In the northern part of Kolkata, in Jorasanko, on the Muktaram Basu Street , stands a grand old mansion known as the Marble Palace. Constructed by Raja Rajendra Mullick, it was inaugurated in 1835, and still serves as the private residence of the Mullicks ,which is why some parts of the palace are out of bounds of tourists. This Chorbagan land was offered as a swap to the Mullicks in early 18th century in lieu of their acres on the site of the old Fort William .
The imposing front-side of the mansion, built in neo-classical style , boasting of fluted Corinthian columns and huge, simple walls ,is visible from outside the main gate itself. On the right , as you move in , stands a huge pool ,with a non-working fountain, and stone mermaids, as also a standing statue of Raja Rajendra Mullick .The sprawling well-maintained lawns are larger than football fields and adorned with flowers .Further to the right is the menagerie. By some accounts , this was the first zoo opened in India in 1855, but now primarily serves as an aviary. There is a Jagannath Temple inside the premises which is accessible only by the Mullicks. Ducks and swans could be seen frolicking around a large pond located between the mansion’s lawns and menagerie.
I was intrigued to find three beautiful statues of ‘sleeping lions’ –two in the lawn and another one inside the zoo. They do not resemble the ‘sad lion’ of Lucerne, Switzerland, and later even a google search didn’t inform me anything regarding them. Are they symbols of any kind ? A family motif ,a signature by any artist ,imitation of any work of art ? They are quite noticeable as they peacefully repose in the hot and humid Calcutta sun .
The ground floor boasts of a Thakur-dalan (where Durga images are worshipped on a raised altar)facing a huge courtyard where the grandees must have enjoyed their tea while sitting around a small fountain . There is a billiards room , and a large music room which houses a piano and many other musical instruments. The guide informed us that 96 different types of marbles have been used inside the palace. There are six prayer halls inside the premises. On the opposite corner of the Thakur-dalan are kept a number of beautiful birdcages having peacocks,albino peacocks, mynah ,hyacinthine macaw, bird of Alexandria, trucan, Hawk-headed parakeets, silver and golden pheasants, magpies, hornbills and mute swans as inmates.

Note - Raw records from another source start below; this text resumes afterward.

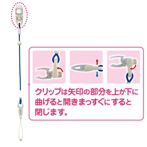 | 注意点 | 用途以外のご使用はお避けください。リングが付いていないおしゃぶりには使用できません。薄い生地にはクリップのとまりが弱く外れる場合があります。また厚い生地に無理にはさむと破損する場合がありますので、ご注意ください。部品がとれたり、破損・変形した場合は直ちに使用を中止してください。お子さまが口などに入れて遊ばないようにご注意ください。使用中はお子さまから目を離さないでください。コードがお子さまの首などに巻きつかないようにご注意ください。クリップで体の部分をはさまないようにご注意ください。はさむ生地にはさみ跡が付く場合があります。傷んで困るものには使用しないでください。火のそばや高温になる場所には置かないでください。ご使用後はお子さまの手の届かない所に保管してください。カメラやモニターの性質により、画像と実物の色の違いがある場合がございますのでご理解願います。 |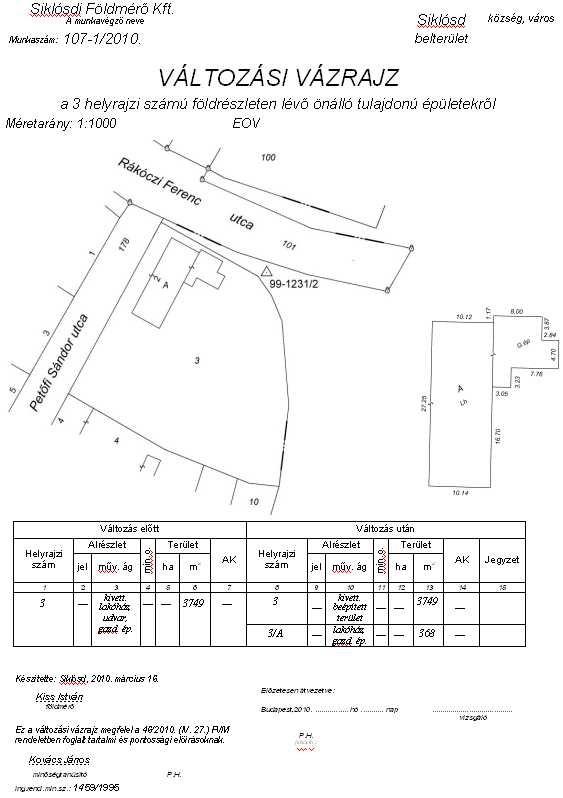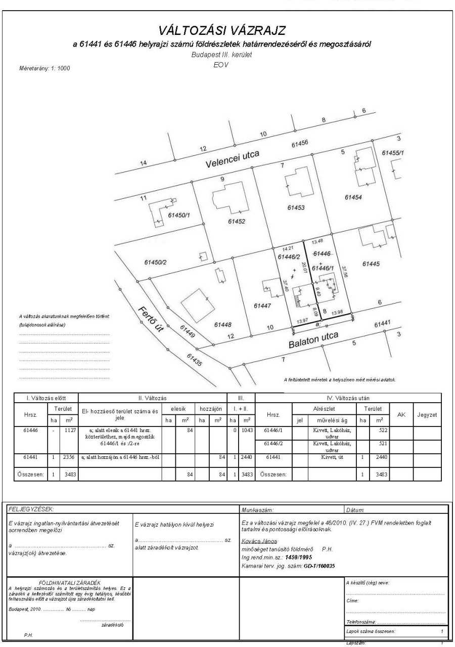 10. § (1) A változási vázrajzon a készítőnek fel kell tüntetni: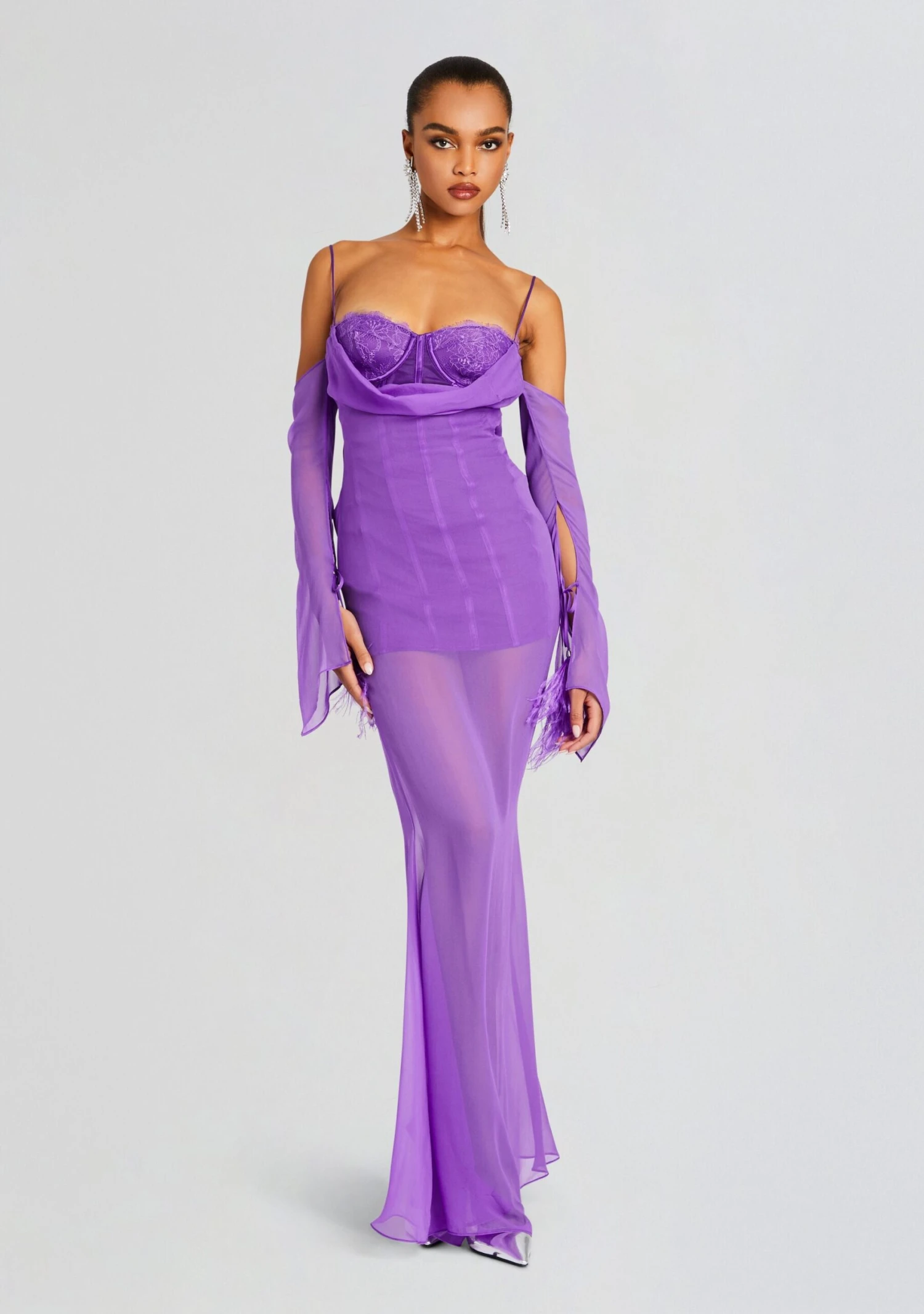 Designed to turn heads, our Meredith Dress will leave you the center of attention at any event. This captivating dress merges sophistication with playful details. This gown boasts a sheer layer over a fitted lining, creating a mesmerizing effect that embodies sheer sophistication and allure. The off-the-shoulder design adds a touch of glamour and allure, accentuating your neckline with an elegant cowl neck that drapes gracefully. The bustier corset top offers a structured yet flattering fit, enhancing your figure with a hint of sensuality and sophistication. The gown features charming dangling pom poms on the hand, adding a playful and whimsical touch to your ensemble. These delicate details capture attention, offering a unique and stylish twist to this sophisticated gown. Shown here in Amethyst.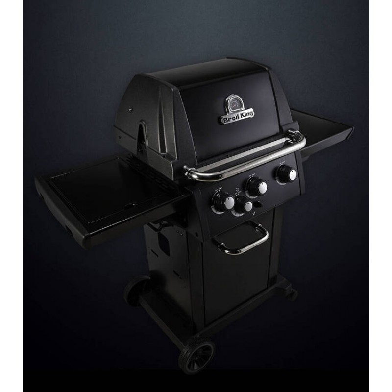 Гриль Broil King Royal 340 газовый имеет камеру с общей рабочей площадью в 3 500 см² на 2 двусторонние решетки Flaw-R-Cast™ из чугуна, решетку для подогрева из нержавеющей стали, 3 основные горелки из нержавеющей стали. 3 аромапластина Flaw-R-Wave™ и стальную боковую конфорку. Гриль оснащен крышкой из лицевой пластины из нержавеющей стали и топкой из литого алюминия, что обеспечивает минимальную тепловую потерю в камере гриля, за счет материала камеры и минимального количества и размеров отверстий. Для хранения баллона, инструментов и продуктов предусмотрен шкаф с 1 дверцей. Из электроники предусмотрен электроподжиг горелок. Также имеет 2 больших колеса в высоту 18 см и 2 маленьких колесика со стопами в высоту 6,4 см.
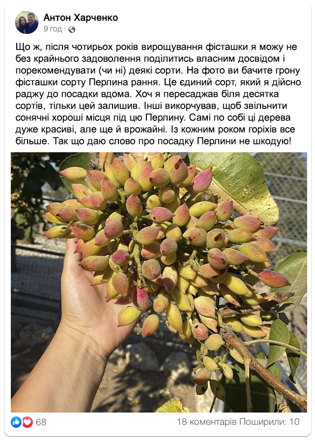 «Перлина рання» – високоврожайний та найбільший за розміром сорт фісташок, створений агрономами розплідника «Горіхи Світу» Валентиною та Михайлом Турченко.

The antiques collection inside the Marble Palace is rather eclectic. Western sculptures, priceless paintings and replicas, costly Austrian chandeliers, Venetian candelabras Belgian glassware, game trophies, old clocks, porcelain urns and what not ,are herded up rather randomly. One can find original paintings by Reubens ,Joshua Reynolds, Titian, Murillo, Opie and Raja Ravi Varma (A Shakuntala and Dushyanta painting does adorn a wall, but I am no expert). Geoffrey Moorhouse in his book ‘Calcutta ‘says it looks “as if the artefacts had been scavenged from job lots on the Portobello Road on a series of damp Saturday afternoons.” This random collection of western items , sundry birds and images of sleeping lions rather create the effect of a Wonderland.
The entrance of the museum side of the palace displays sculptures made in Miroy Foundry in France. Four statues of women depicting the four seasons of summer, autumn, spring and winter look quite graceful. The Reception Hall houses a 16 foot high black wooden image of Queen Victoria, carved out of a single piece. There are also bronze busts of the Queen and Medusa kept side-by-side. Outside the hall stand marble representations of Greek gods Phoebus Apollo and his twin sister Diana , as well as many other characters from Greek Epics. Replicas /sculptures of Dancing / nautch Girls , Dancing Fauns and mermaids are present throughout the palace.
The ornate ball room boasts of two 20 foot high mirrors and two large chandeliers and many candelabras .Victorian furniture graces the room.The Bengali grandees must have enjoyed quite some social evenings here. A 200 year old Wall Clock ,still showing correct time, is also placed in the ball room.
Getting entry into the famed 3-storeyed mansion is slightly tricky. Travel advisories warn potential tourists about the requirement of an advance permit, which is to be collected from West Bengal Tourism Information Bureau office ,BBD Bagh. But I showed my government identity card at the gate, and it worked like charm. I am not too sure if they allow common visitors as easily. Why cannot they just open a counter at the entry gate itself to facilitate tourists ? I am sure footfalls shall improve by leaps and bounds should this happen. There must also be a nominal entry fee ( Rs 30 never hurt anyone) which can help in better upkeep of the palace. They must also allow visitors to click photographs of the place. This is the age of smartphone camera, and a visitor should not be denied the joy of clicking pictures. A number of well-behaved guides throng the place, and although they do not charge you anything despite the services they provide, must be tipped atleast Rs 100.
Marble Palace is a treasure which gives the impression that it does not want to be found. A pity really, because it has such potential.